Since I have left Cloudy Nights, I am going to share the story of testing my new scope here. It's a little different than my normal "new image" post but hopefully it's interesting and at least a little informative.

Last August I made the decision to buy a new telescope. My current C14 based system works quite well so I wanted something that would provide more signal and better resolution, which means a system with a larger aperture. Cost and location were the two key factors in making the decision. Last year at NEAIC I met some of the folks involved with ObsTech in Chile and after long discussions, that looked like a pretty viable option. They said that it was not uncommon to have over 300 clear nights per year (320 was the number they tossed out) and more important, the median seeing is claimed to be around 0.5 arc-seconds. Finding a site with sub-1" seeing addressed my concerns over where to put the scope. (I also uncovered the possibility of putting the new scope on Mt. Lemmon outside of Tucson where the seeing is around 1"; but, that's my second choice--for now.)
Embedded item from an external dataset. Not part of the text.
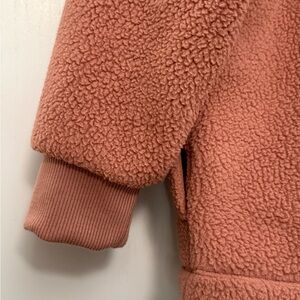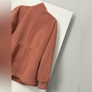 Stay warm and stylish with this cozy fleece jacket. Perfect for chilly days, this rust-colored jacket offers comfort and a trendy look. Has two side pockets. Cinched waist detail.

Then I started looking at scopes. Everything gets exponentially harder and more expensive as the diameter goes up so I quickly ruled out a 24" system. For me, the sweet spot fell dead-center on the Planewave 20" system. At F/6.8, the effective focal length is actually 395 mm shorter than my current C14 system, which increases the field of view to about 36.7 x 36.7 arc-minutes using my FLI-16803 camera. Under 0.5" conditions, the seeing blur diameter would be just slightly over 8 microns so the 16803 will be a bit under-sampled under those conditions. Under the very best conditions, switching to a CMOS camera with smaller pixels might be better; but, to start off with, I'm willing to try dithering to improve resolution a bit. The real advantage is that if you take into account all of the factors (including obscuration, diameter, pixel size, throughput, etc.), the Planewave will accumulate signal at almost 2.5x the speed of my C14 (on extended objects.) Of course, it will go MUCH deeper on stars.
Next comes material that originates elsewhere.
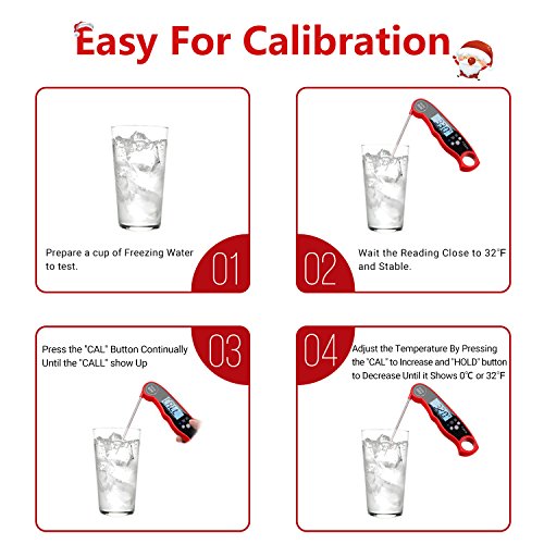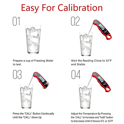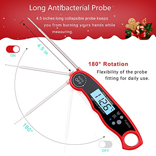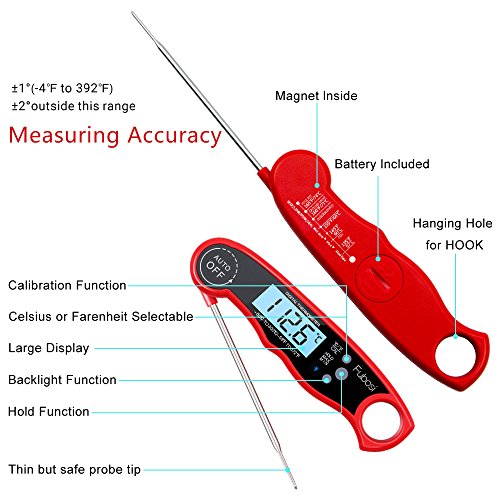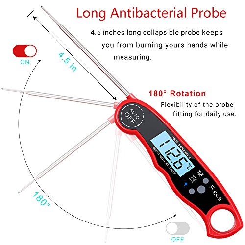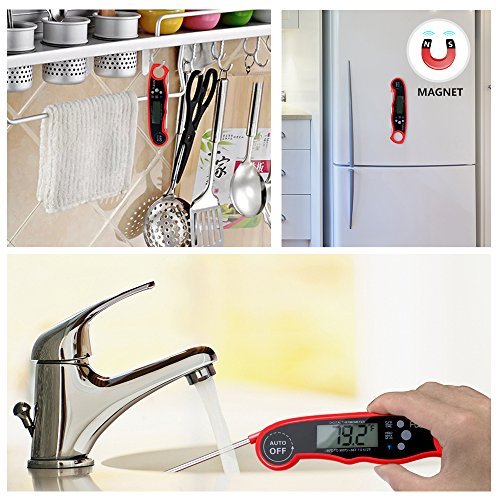 Features: ?Waterproof design ?Super fast response time of 2-3 seconds ?°F/°C?Switchable ?Calibration ?Large LCD readout ?Accuracy of /-1 degree ?Magnetic?Refrigerator?Attachment ?Bright backlight, convenient for darkness environment ?Hold function to record data ?4.5 inches long collapsible Antibacterial probe keep your hand away from hot source, fit for cooking, BBQ, grilling ?Auto On/Off when probe unfolded/folded, auto shut off after 10 minutes if no operation ?Large hanging hole ?Strong magnet to attach ?Uses:BBQ,?Oven,?Smoker,?Meat,?Food, Milk,Candy, Turkey, Grill, Bathing(for baby)? Steaks,Fish, Chicken, Bread, Pastries, Side dishes

I spent my career working in the field of optical metrology as an engineer and entrepreneur so I couldn't simply submit a purchase order without a requirement for test data. Rick Hedrick kindly agreed to let me test my new scope at the factory with a 4D Technology PhaseCam. The PhaseCam is a dynamic interferometer that uses a high-speed, single frame phase measurement method to minimize the effects of mechanical vibration. Most digital phase-measuring interferometer systems are so sensitive to vibration that they could not be used to make this kind of measurement without a very large (and expensive) vibration isolation system. The PhaseCam makes ultra-high precision interferometric testing very easy!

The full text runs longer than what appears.